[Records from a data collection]
--

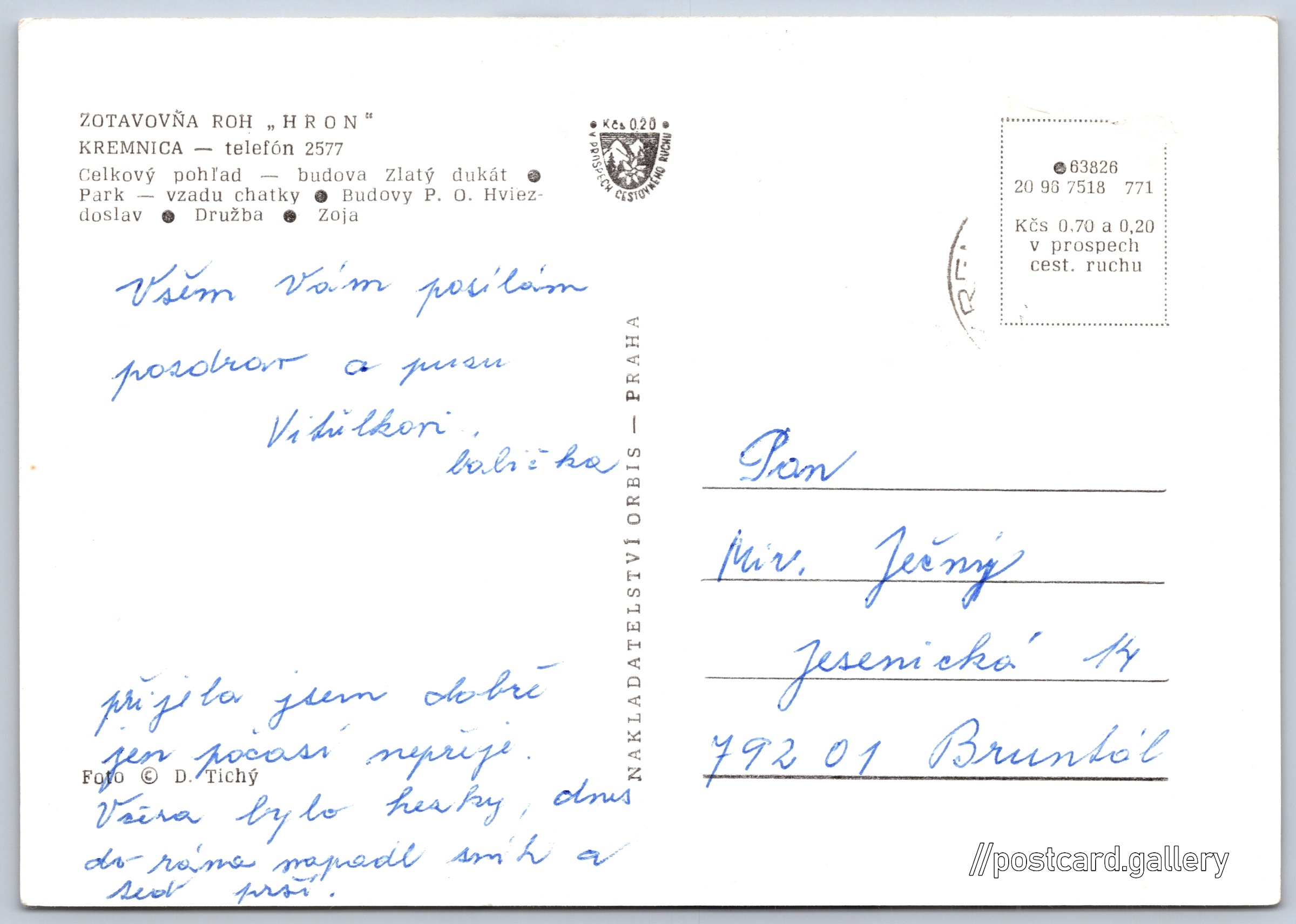 Kremnica, zotavovna Hron Pokud chcete vidět pohlednice ve vyšším rozlišení nebo zobrazovat jejich zadní stranu, tak se prosím nejdříve přihlašte Přihlásit Zaregistrovat KremnicaZotavovňa Hron ZOTAVOVŇA ROH "HRON"KREMNICA - telefón 2577- Celkový pohľad - budova Zlatý dukát- Park - vzadu chatky Budovy- P. O. Hviezdoslav- Družba- Zoja Jazyk tištěného textu na pohlednici: slovenština Partizánska dolina 527/13 ukázat na mapě Vydavatel: Nakladatelství Orbis (Československo) Rok vydání pohlednice: červenec, 1971 Velikost (š x v) a tvar pohlednice: 146 x 103 mm (5.75" x 4.06"), obdélník Osoby spjaté s touto pohlednicí: Dušan Tichý(Autor fotografie) Prošlá poštou Ceny: Cena pohlednice: 0,70 Kčs (CSK) (+0,20 Kčs přípl. na tur. ruch) Kódy na pohlednici: •63826 20 96 7518 771 DiskuseVložit příspěvek Přidat novou složku ... Spravovat složky ...
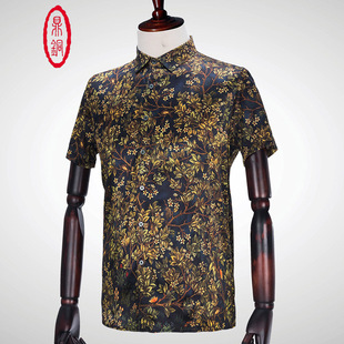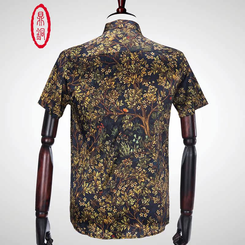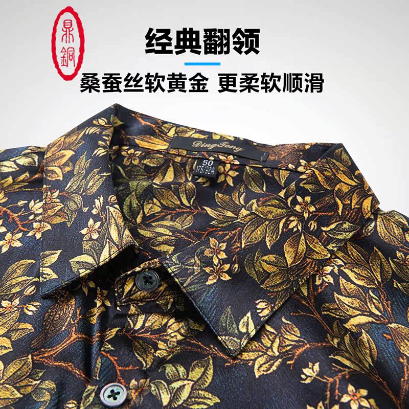 夏季 衬衫 薄款 潮流衬衣真丝休闲花寸衫 鼎铜男士 翻领韩版 桑蚕丝短袖
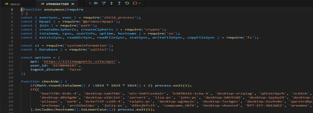 In the last post we ended with the obfuscated javascript program. I originally tried to run it with the node modules that came with it when I extracted it from the asar file, but it caused a lot of headaches so I decided to delete all the files besides the app.js file and install all the dependencies myself. You could do it statically, but if you can do that you probably do not need to read this post ;). I then opened it up in VSCode and ran it with debugging. I do not know much about javascript, but I assumed the program had to deobfuscate itself eventually, so I just paused and continued the program not really knowing what I was looking for. Luckily for me and this post, I eventually stumbled upon this.
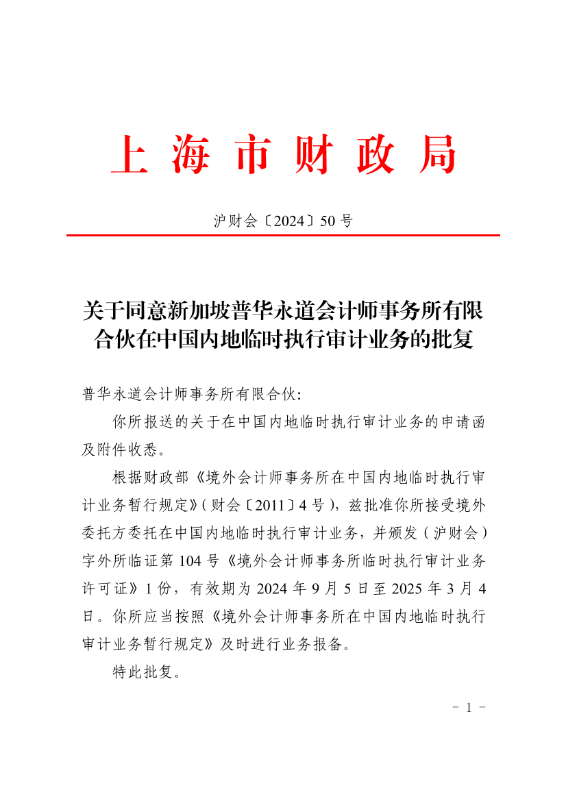 根据财政部《境外会计师事务所在中国内地临时执行审计业务暂行规定》(财会〔2011〕4号),兹批准你所接受境外委托方委托在中国内地临时执行审计业务,并颁发(沪财会)字外所临证第104号《境外会计师事务所临时执行审计业务许可证》1份,有效期为2024年9月5日至2025年3月4日。你所应当按照《境外会计师事务所在中国内地临时执行审计业务暂行规定》及时进行业务报备。
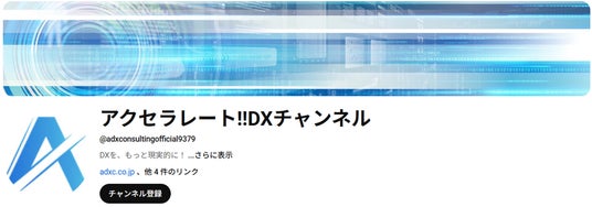 ERP・CRM・EPM領域に特化したコンサルティングサービスを提供する株式会社ADX Consulting(本社:東京都千代田区、代表取締役:関 滋弘、以下「ADX Consulting」)は、公式YouTubeチャンネル「アクセラレート!!DXチャンネル」を開設したことを お知らせします。
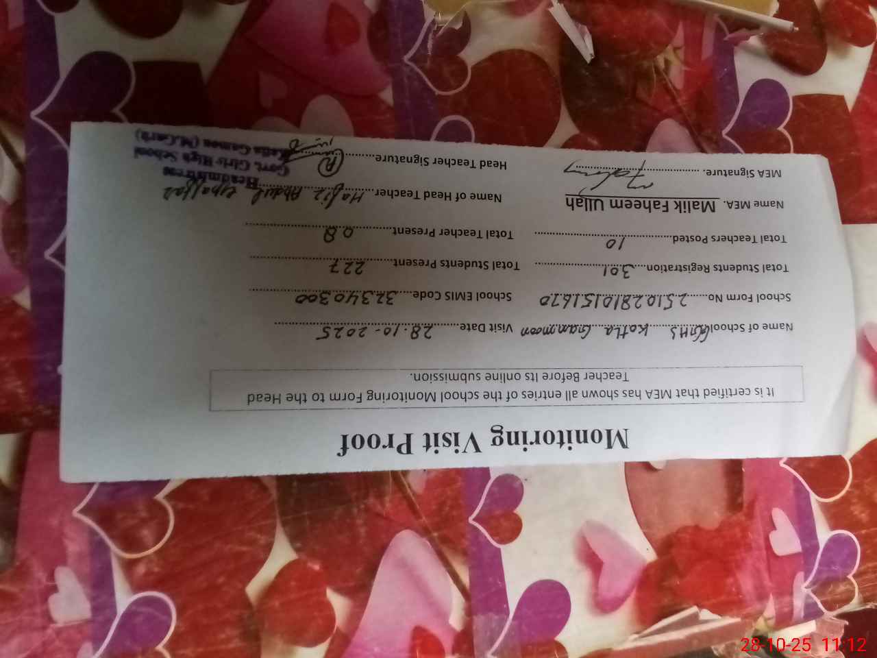 | Certified that this School was Inspected by the Undersigned MEA/DMO Today and the Information Stated Above is as Per Record. | |||||
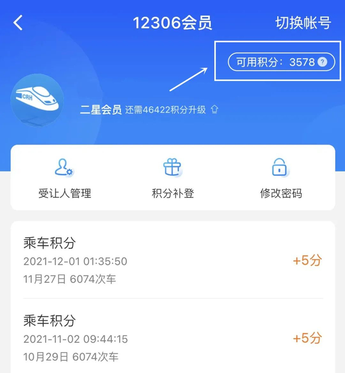 3。若已开通会员,大家可以在高铁管家app12306会员页,查询自己的积分。
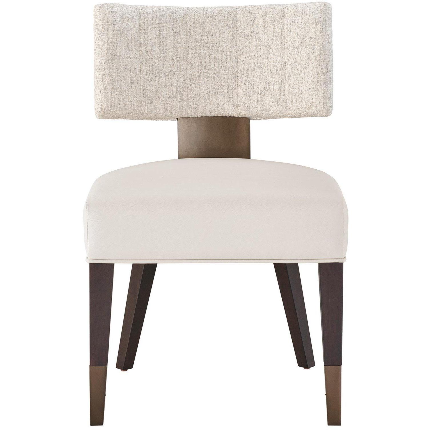 Tapered legs and antique satin brass metal accents add a touch of sophistication to the Klismos inspired back of the Loleta Side Chair.
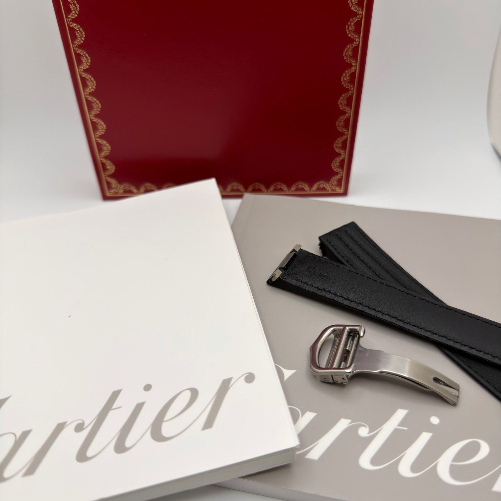 -Cartier Box & Papers + Extra Cartier Strap
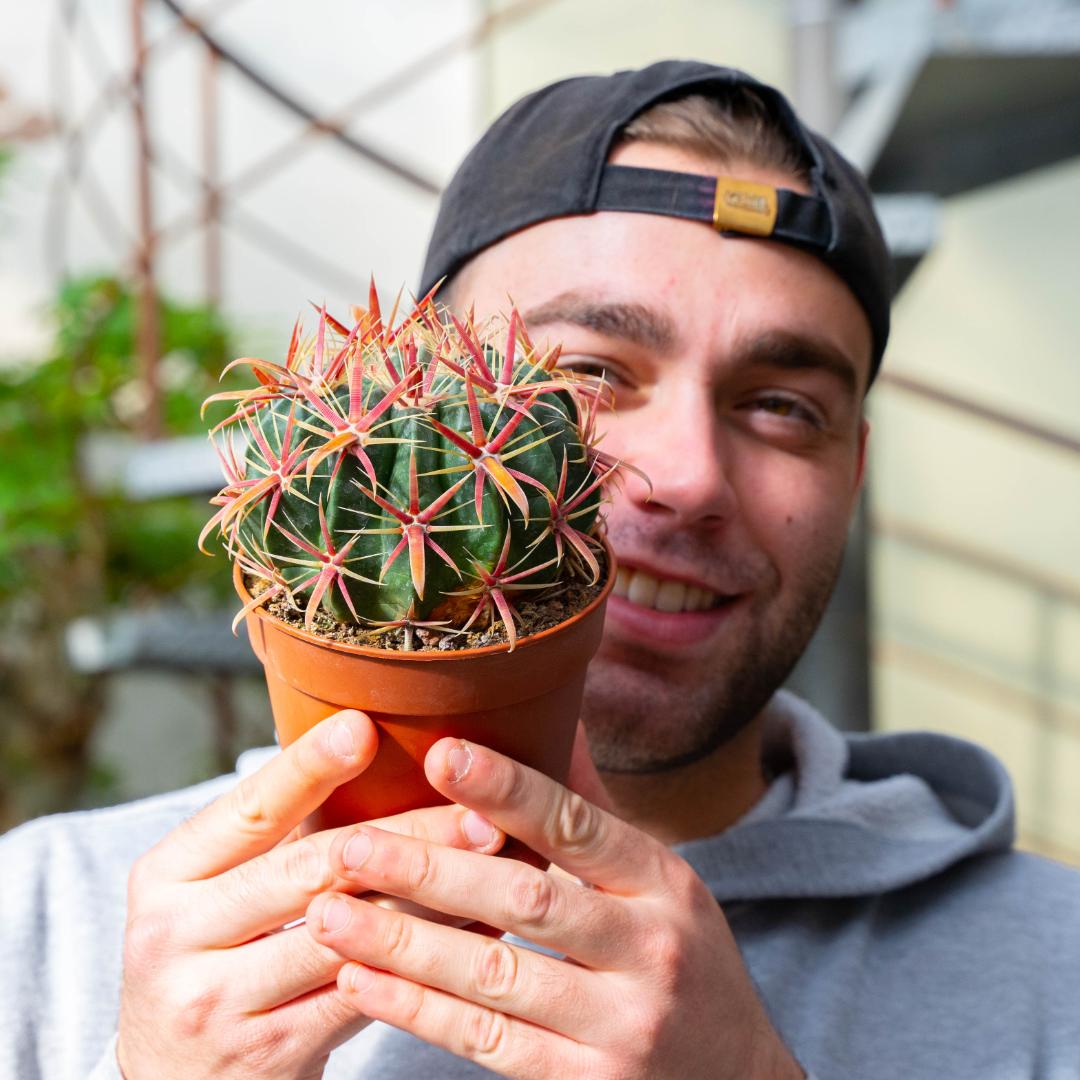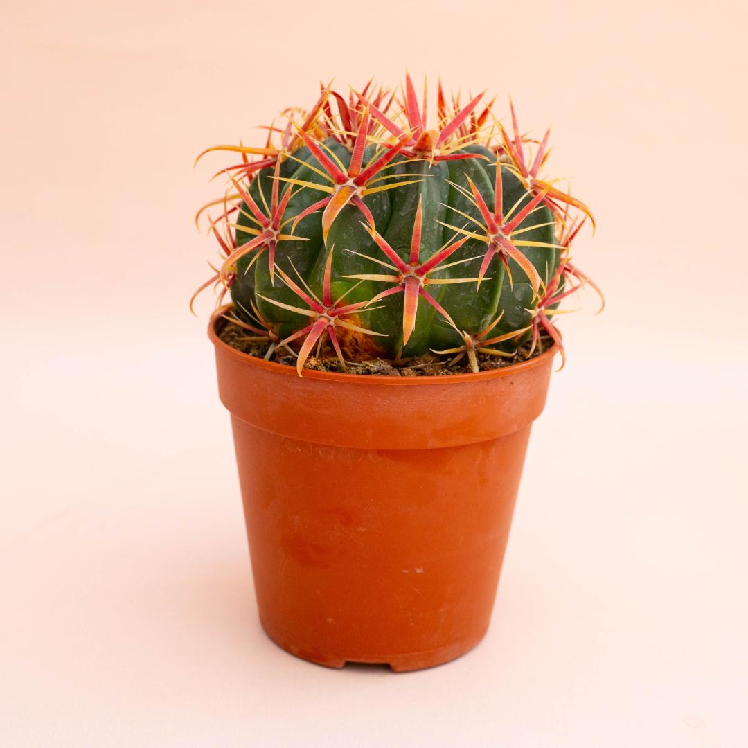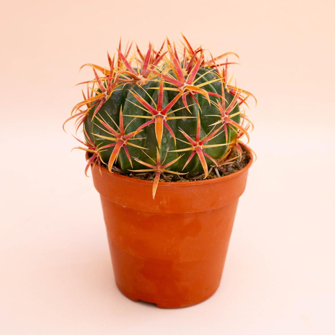 Il Ferocactus latispinus viene fornito in vaso Ø 12 cm con etichetta recante il nome botanico.

--

Directions → Beginning with the line that contains "3。若已开通会员,大家可以在高铁管家app12306会员页,查询自己的积分。", reproduce every line through the end of the records above exactly, leaving pictures out.

Result of this task →
 3。若已开通会员,大家可以在高铁管家app12306会员页,查询自己的积分。
 Tapered legs and antique satin brass metal accents add a touch of sophistication to the Klismos inspired back of the Loleta Side Chair.
 -Cartier Box & Papers + Extra Cartier Strap
 Il Ferocactus latispinus viene fornito in vaso Ø 12 cm con etichetta recante il nome botanico.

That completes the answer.